Please give back the lines from the line containing "每一家连锁诊所在开业前三个月" through the end of the listing below, exactly as written and without pictures.

START Given information

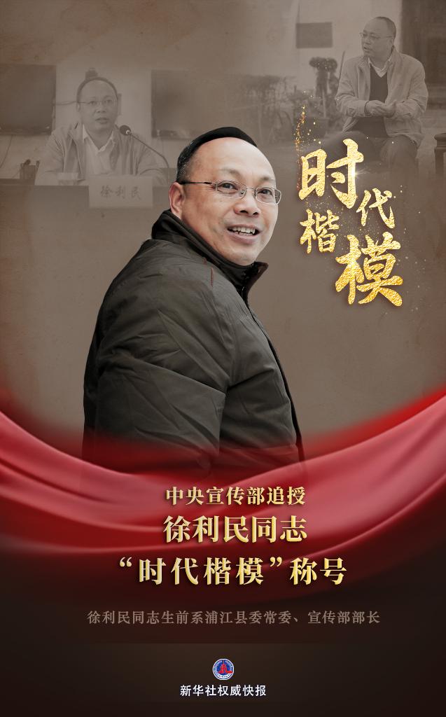 新华社北京6月19日电 在全党全国各族人民深入学习贯彻习近平新时代中国特色社会主义思想和党的二十大精神,奋力建设社会主义文化强国、建设中华民族现代文明之际,中央宣传部向全社会宣传发布徐利民同志先进事迹,追授他“时代楷模”称号。
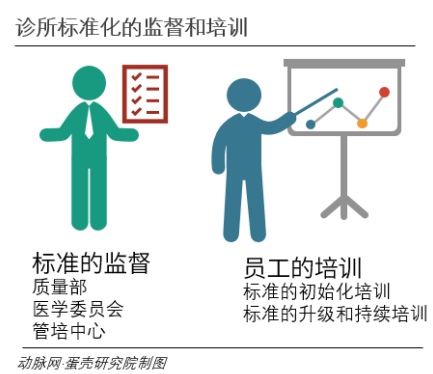 每一家连锁诊所在开业前三个月,就开始进行标准的初始化培训。质量部、医学委员会和管培中心的人员进去,把整个开业的流程梳理清楚,培训到位。开业之后的三个月,再通过质量部进行管控和追踪,就能保证连锁诊所能够按照设定的方式和方法进行经营。
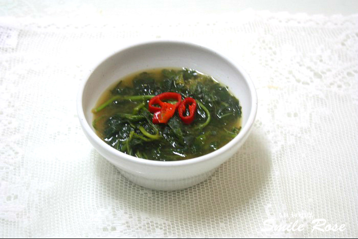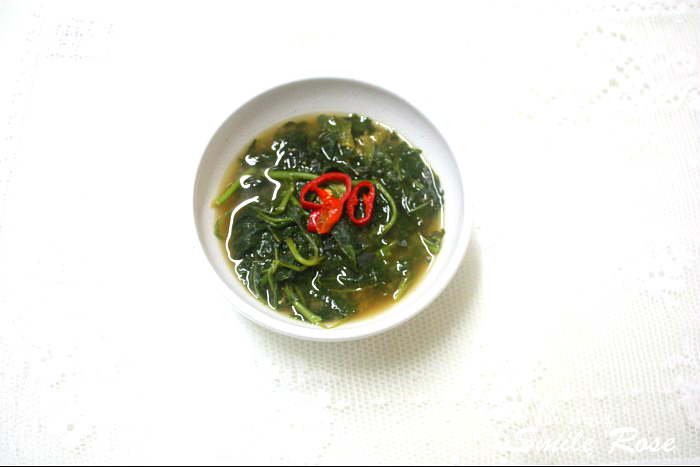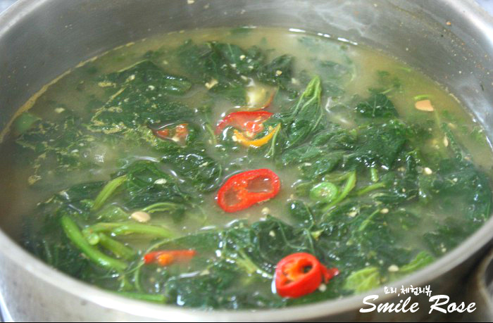 아욱350g 청양고추1큰술 육수(솔치6마리+다시마한쪽)1200ml

END Given information

◆ Task result
 每一家连锁诊所在开业前三个月,就开始进行标准的初始化培训。质量部、医学委员会和管培中心的人员进去,把整个开业的流程梳理清楚,培训到位。开业之后的三个月,再通过质量部进行管控和追踪,就能保证连锁诊所能够按照设定的方式和方法进行经营。
 아욱350g 청양고추1큰술 육수(솔치6마리+다시마한쪽)1200ml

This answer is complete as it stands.